Trying a few different things

The road up and over the Avon Divide has mostly burned off this past week. The image above is right near the top, where there is still a little snow, but worse yet - MUD. I've learned that lesson the hard way. I was debating whether to use the full -sus with the gnarly tires, or take my chance with the hardtail and the Serfas Drifters. Well....there she is, Drifters and all. It was a little sketchy, but that bike is so responsive, you can feel it all. Talk about a fast bike; that thing is faster than I'm currently capable and requires a lot more skill than I possess at the moment. Riding my full-sus has made me soft and lazy, letting my already pathetic skills become even more so. I'm debating on adding a dropper-post, as well as upgrading the forks. It definitely needs a bigger front ring to crush the oil sections at Leadville, but I'll need the legs to be able to climb with the loss of the lower end. Basically, I have my work cut out for me. Stick around.

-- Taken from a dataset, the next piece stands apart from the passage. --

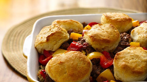 Separate dough into 10 biscuits. Spread cooked rice evenly in bottom of baking dish. Spoon hot beef mixture over rice. Top with biscuits. Bake immediately to ensure that bottoms of biscuits bake completely.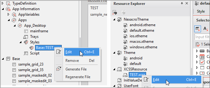 XCSSエディタは、Project ExplorerでXCSSファイルを選択するか、Resource ExplorerでXCSSファイルを選択してダブルクリックするか、ファイルを選択してコンテキストメニューから[Edit]を選択して編集することができます。

Now that I can actually get out more often, this should also precipitate some more frequent posts with updates.

A shout-out

While at the afore mentioned service back in February, I was every so fortunate to have met up with my other cousin Stacy. We are closer in age to each other than the other two sisters. There was a time when our families were pretty close and did a few thing together. As life tends to go, somehow that all kind of ended. The last time we actually were in each others company was spring 1983. Wow, I can't believe it has been a literally a life time. She reminds me of our grandmother - strong, determined and a genuine stud! Hard to explain, but that brief visit opened my eyes and even inspired me. It has made me put a few things into perspective - that I will not elaborate at this point (superstitious). Lets see if I can make the most of that gift. Stay tuned.........


"You're a shinning star, no matter who you are......."
 
Ride HARD!

Tuesday, December 31, 2024

Nothing like the last minute

 

The dreaded snow-bike - somebody's bad idea.

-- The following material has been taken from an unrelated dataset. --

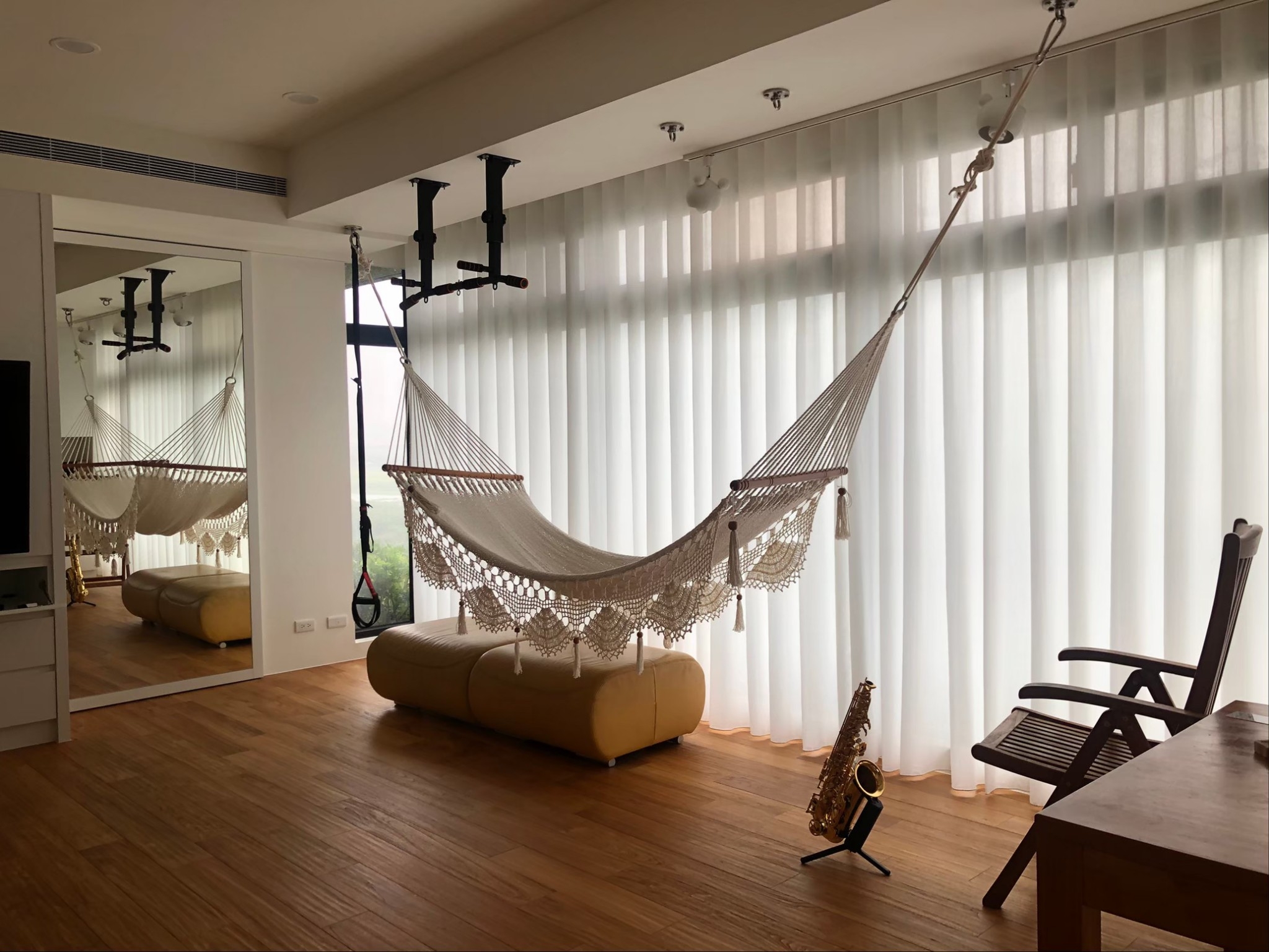 其實在客廳這樣需要明亮度的空間,單做紗簾是蠻常見的作法。只要空間沒有直曬問題、遮光需求,單做一層紗的視覺效果絕對不亞於布簾。它不僅是柔化光線的擺設,更是美化空間氛圍的好幫手。

Putting things off too long

Here it is, literally the last minute.....again. I swore Id not let the yearend creep up on me, but who am I kidding. I'll never learn. So which is it, culture or behavior? Either way it is chronic. I could say that my fledgling little consulting business is consuming all of my time, but it is only a matter of priorities - or a simple lack of them. Success cannot not be left to simmer on the back burner, nor can life in general. I've said this too many times, but being comfortable will get you killed in this life and I think I'm getting too comfortable. So now I have ask the question; what is it really costing me? Do I really want to know? I hate the melancholy of the year end.

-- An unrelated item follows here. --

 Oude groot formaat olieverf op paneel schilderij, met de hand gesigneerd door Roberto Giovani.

Early snow and a moon rising over Ben from S. Willard

Running into Reed this evening

Clients have been keeping me hopping - a lot. I have had this past year on my mind a lot in the most recent few weeks. This was especially true of our brother and his fight. I had thought to send him a message, but it just didn't seem to lend itself to he practical, or sincere. Again, I'm just a procrastinator - them's the facts. So.....earlier this evening I was on my way home from a very long day meeting with clients and their "opportunities", when I decided to stop at the Winco in Layton - for whatever reason. I hate shopping and am usually in and out of those places very quickly. As I was pushing the stupid shopping cart, I was looking at what I had tossed in the basket, wondering why it was I needed to stop at all. And then, like out of nowhere - there was Reed pushing a shopping-cart himself. I would never had expected to see him in such a place, but there he was - the same kid from our youth. Still the brightness that I remembered, but yet had also somehow forgotten. We chatted for a minute, but as shallow as the context may have been.....it cut deep. As I stood there I suddenly felt terribly small and inadequate. Realizing how I failed and how I met the meaning of that phrase "chicken-shit". But then I like I always seem to do, looking back at it a short time later, I had to remind my shallow self that its not about me. But there I was sizing up my inadequacy against the strength of a man that is fighting a battle that is more than most of us will ever understand. I don't believe in absolute coincidence, but then why did that have to happen? The message to me was very simple; quit whining, stop pouting and for hell sakes....stop making excuses. In those few words from Reed; he is very grateful, but doesn't take anything for granted (although he didn't use those exact words - but that was his message to me). That is why he is truly larger than life and a truly inspirational person - if we choose to face the truth. So...excuses aside, its time to put down the frivolous and take-up the fight. MAKE IT COUNT!

How I miss that pain.....heading back over Monte from Woodruff.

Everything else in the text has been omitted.